Loop over de campussen van de Universiteit van Utrecht, de Radboud Universiteit, de Erasmus Universiteit of the Universiteit van Tilburg, en je ziet een grote verzameling van naargeestige, grijze, betonnen gebouwen uit de jaren zeventig. Maar ook van de UvA, die over Amsterdam uitgestrooide stadsuniversiteit, dateert 64 procent van de gebouwenportefeuille uit de jaren zeventig. Bij een gemiddelde levensduur van pakweg een halve eeuw voor zo’n gebouw heb je bijna automatisch een tweede bouwgolf in de eerste decennia van het nieuwe millennium.

Dat is nu.

Een ongunstige ruil

Het jaar van de omslag is 1995. Het is dan drie jaar na het Verdrag van Maastricht. Daarin committeert een deel van de lidstaten van de Europese Unie zich aan de introductie van een gemeenschappelijke munt, de euro, in 2001. In het kader daarvan verplichten zij zich hun begrotingstekorten te reduceren tot maximaal drie procent van het bruto binnenlands product (bbp) en hun schulden tot minder dan zestig procent van het bbp. In alle deelnemende landen zet dat een grootschalige privatiseringsgolf in gang. Staatsbedrijven worden naar de beurs gebracht, staatsvreemde activiteiten als woningbouw en kinderopvang worden op afstand geplaatst en verborgen subsidieverplichtingen worden zo veel mogelijk aan private partijen overgedragen. Zo ook in Nederland.

In 1995 werden gebouwen van scholen, ziekenhuizen en universiteiten op grote schaal geprivatiseerd. Het zou een Paard van Troje blijken

Veel is er geschreven over de zogenoemde ‘bruteringsoperatie’ van toenmalig staatssecretaris en CDA-er Enneüs Heerma, die van de rijkssubsidies op woningbouw af wilde en in ruil daarvoor woningbouwcorporaties het eigendom over het sociale woningbestand wilde  Maar veel minder bekend is de ruil die plaatsvond met het utilitaire vastgoed van het Rijk. In 1995 werd het eigendom van schoolgebouwen, hospitalen en tehuizen overgedragen aan universiteiten, scholengemeenschappen, ziekenhuizen en zorginstellingen op voorwaarde dat zij de financiële verantwoordelijkheid voor onderhoud, renovatie en eventuele vervanging zouden overnemen. Van de ene op de andere dag verdrievoudigden hun balansen. Het zou een Paard van Troje blijken.

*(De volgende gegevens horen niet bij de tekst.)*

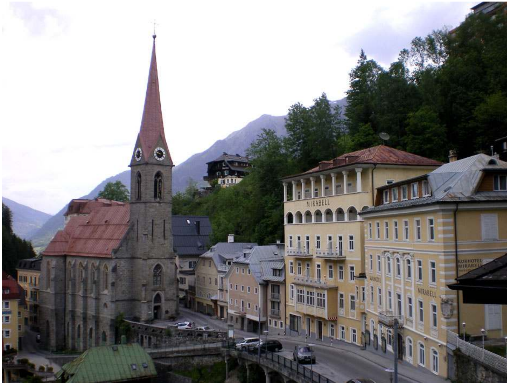
Hotellen sätter sin prägel på kurorten Bad Gastein, men här finns även en och annan kyrka.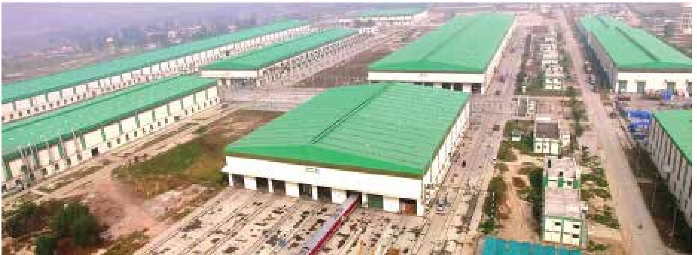
आधुनिक रेलडिब्बा कारखाना, रायबरेली का दृश्य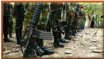
Paramilitares asesinan a una mujer e hirieron a un hombre en finca fronteriza del Táchira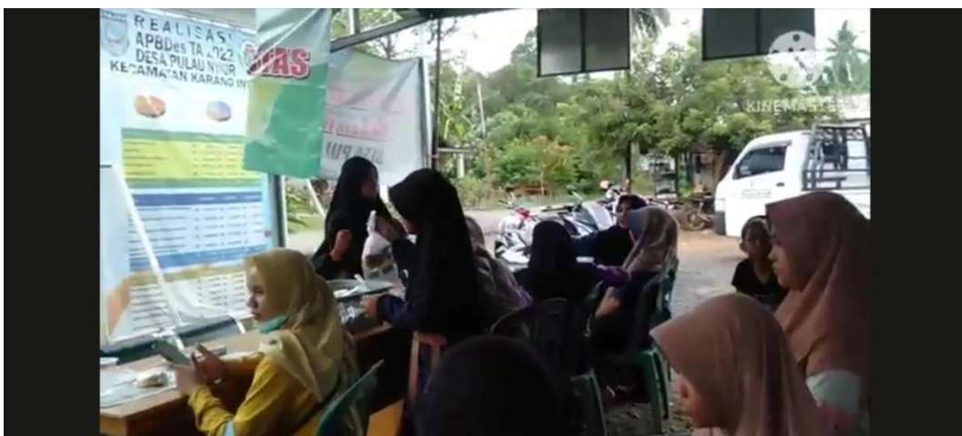
Gambar 3. Video contoh dampak pernikahan usia dini aspek sosial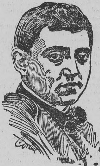
ANTONIO REY SOTO

El día 17 del mes que hoy se inicia cumplirá 84 años el ilustre historiador galaico don Manuel Martínez Murguía, actual Presidente de la Real Academia Gallega. La vida de Murguía constituye un relevante ejemplo de patriotismo y de consagración al Arte. Trasládese muy joven á Madrid, donde entró de redactor en "La Iberia", y publicó la novela titulada "Desde el Cielo".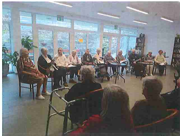
Március 15-i ünnepség

Március 15-én megemlékezést tartottunk az 1848-as forradalom és szabadságharcról. Lakóink versekkel, dalokkal készültek a többi ellátott számára.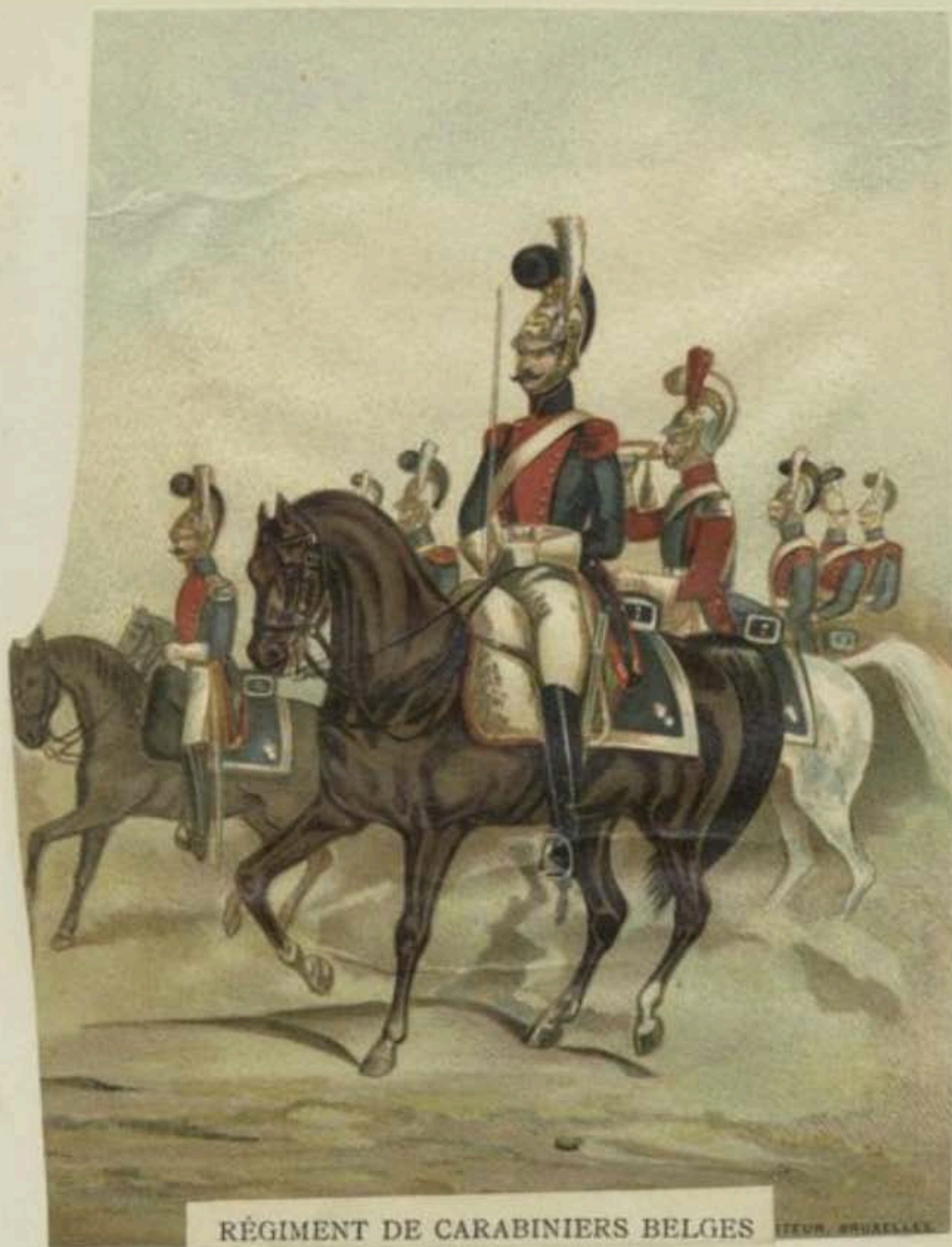
RÉGIMENT DE CARABINIERS BELGES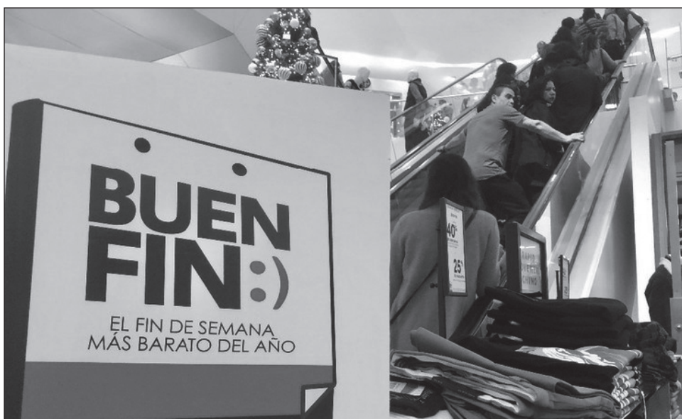
▲ En esta ocasión, y debido a la contingencia sanitaria, El Buen Fin durará dos semanas.

Agregó que el alza en el número de contagios observados en Chihuahua y Ciudad de México, así como el confinamiento en Durango y Jalisco inhibirán el comportamiento del consumo en estas casi dos semanas.

In Amsterdam leidde het nieuwverworven bezit al snel tot getob over hoe de onderhoudskosten binnen de perken konden worden gehouden. Het begon met een raming van de toekomstige ruimtebehoefte. En omdat de studentenaantallen in de tweede helft van de jaren negentig daalden, werd uitgegaan van een fikse daling van het aantal benodigde vierkante meters.

Dat mondde een jaar later uit in een ambitieus huisvestingsplan dat voorzag in clustering van vier grote faculteitsgroepen − geesteswetenschappen, sociale wetenschappen, medische wetenschappen en natuurwetenschappen − op vier locaties. Ondanks nieuwbouw − in de Watergraafsmeer, op het Roeterseiland en het Binnengasthuisterrein − zou de totale vloeroppervlak met twintigduizend vierkante meter krimpen tot 239.000 vierkante meter. De totale uitgaven werden geraamd op 455 miljoen euro, zouden tot 2030 op de begroting drukken en tussen 2010 en 2014 hun hoogtepunt bereiken.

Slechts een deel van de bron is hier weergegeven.